Radiation therapy in patients with meningiomas is controversial. However, clinical benefits have been reported, especially for the treatment of residual tumors, recurrence, and both WHO grade I and III meningiomas2,4,6,7). However, theres have been no randomized or prospective studies. We performed adjuvant radiation therapy fon eight patients with Simpson grade II and III resections, at the physician's discretion. Because of its rarity, in patients with CM, clinical experience with adjuvant radiation therapy has not yet been accumulated. Recently, Wang et al.25) reported on the benefits of adjuvant radiation therapy after incomplete CM resection. Our results support adjuvant radiation therapy in cases of incomplete resection. However, in cases of Simpson grade I resection, recurrence only occurred in only one of four patients and it was a remote-site recurrence. Based on this result, adjuvant radiation therapy after Simpson grade I resection for local tumor control may not always be recommended.

The MIB-1 labeling index increases with WHO grade : 1.00-1.35% for grade I, to 1.90-9.30% for grade II or atypical, and 5.60-19.5% for grade III1,3,5,21). Moreover, a higher MIB-1 labeling index is related to meningioma recurrence5,21,24,26). However, other studies have refuted these relationships between MIB-1 labeling index and the clinical features of meningiomas11,23,25). In this series, the average MIB-1 labeling index in cases with recurrence was higher than cases without recurrence, but failed to reach statistical significance. Focusing on incompletely resected cases, the gap of MIB-1 labeling index between the groups with recurrence and without recurrence widened, but it also failed to reach statistical significance. However, the only case with the development of leptomeningeal seeding after resection surgery was the case with the highest MIB-1 labeling index. Because of the small number of cases, it is hasty to conclude the clinical meaning of MIB-1 labeling index in this study. Accumulation of more clinical experience is demanded to so that this issue can be clarified.

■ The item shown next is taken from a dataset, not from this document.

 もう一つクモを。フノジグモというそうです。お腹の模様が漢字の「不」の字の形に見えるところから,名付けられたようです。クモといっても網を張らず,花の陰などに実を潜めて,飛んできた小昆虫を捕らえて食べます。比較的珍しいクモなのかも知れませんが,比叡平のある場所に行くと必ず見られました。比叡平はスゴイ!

The MIB-1 labeling index for CM in this series was quite variable, at 1.0-26.6%. This indicates that biological nature may be diverse even within the single pathological disease entity of CM. As a result, the MIB-1 labeling index may provide more information about biological features and the prognosis for each CM case.

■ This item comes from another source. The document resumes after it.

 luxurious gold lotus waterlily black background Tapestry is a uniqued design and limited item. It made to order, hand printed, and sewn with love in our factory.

Interestingly, two patients underwent brain MRIs at 20 and 28 months before diagnosis. We made inferences from the MRIs and the minimum growth rates in these two patients were faster than the previously reported growth rates for benign or incidentally found meningiomas9,27). However, this inference was based on only two cases of CM. It seems to be wise to avoid hasty generalizations.

Recently, some have suggested downgrading CM in the WHO classification unless poor prognostic factors are found. In our experience, this suggestion seems to result from the wide spectrum of biological characteristics within this single disease entity. However, regarding our series, with the high recurrence rate, especially in the non-adjuvant radiation therapy group, the possibility of leptomeningeal seeding, the relatively high growth rate, and high MIB-1 labeling index in some cases, it is difficult to argue that CM is a benign meningioma.

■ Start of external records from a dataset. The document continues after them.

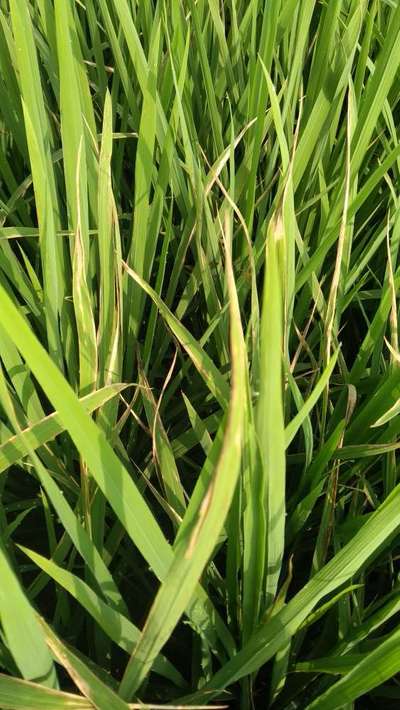 পাতায় কোনো সমেস্যা নেই এবং কোন প্রকার পোকার উদ্রবও দেখা যাচ্ছে না ৷ প্রতিটা শীষে ৮০% ধান চিটা হচ্ছে ৷ চিটা গুলি সাদা ধূসর এবং কালো দাগ পরছে ৷
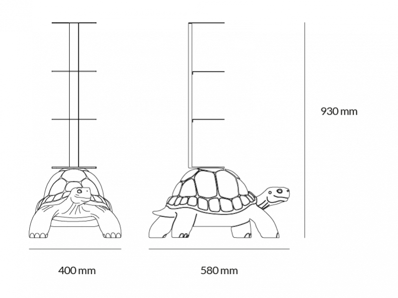 Υλικό: Χελώνα σε πολυαιθυλένιο, βιβλιοθήκη σε μέταλλο.
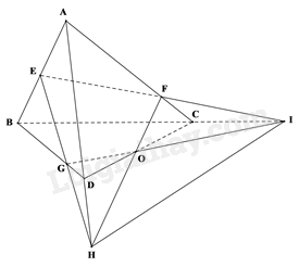 Cho tứ diện ABCD. Gọi E, F, G lần lượt là các điểm thuộc ba cạnh AB, AC, BD sao cho EF cắt BC tại I, AD cắt EG tại H. Chứng minh rằng ba đường thẳng CD, IG, HF cùng đi qua một điểm.

There are some limitations to our study; the number of patients was not sufficient to determine biological or clinical characteristics. Additionally, potential biases may exist, because of the collected clinical data being reviewed retrospectively. Because of the rarity of CM, a multicenter prospective randomized study is required to clarify the various controversies that have been noted previously.

CONCLUSION

The CM is difficult to manage and has a high recurrence rate. In our series, complete total resection of the tumor was the key determinant for better outcomes. Adjuvant radiation therapy is recommended if Simpson grade I resection was not archived.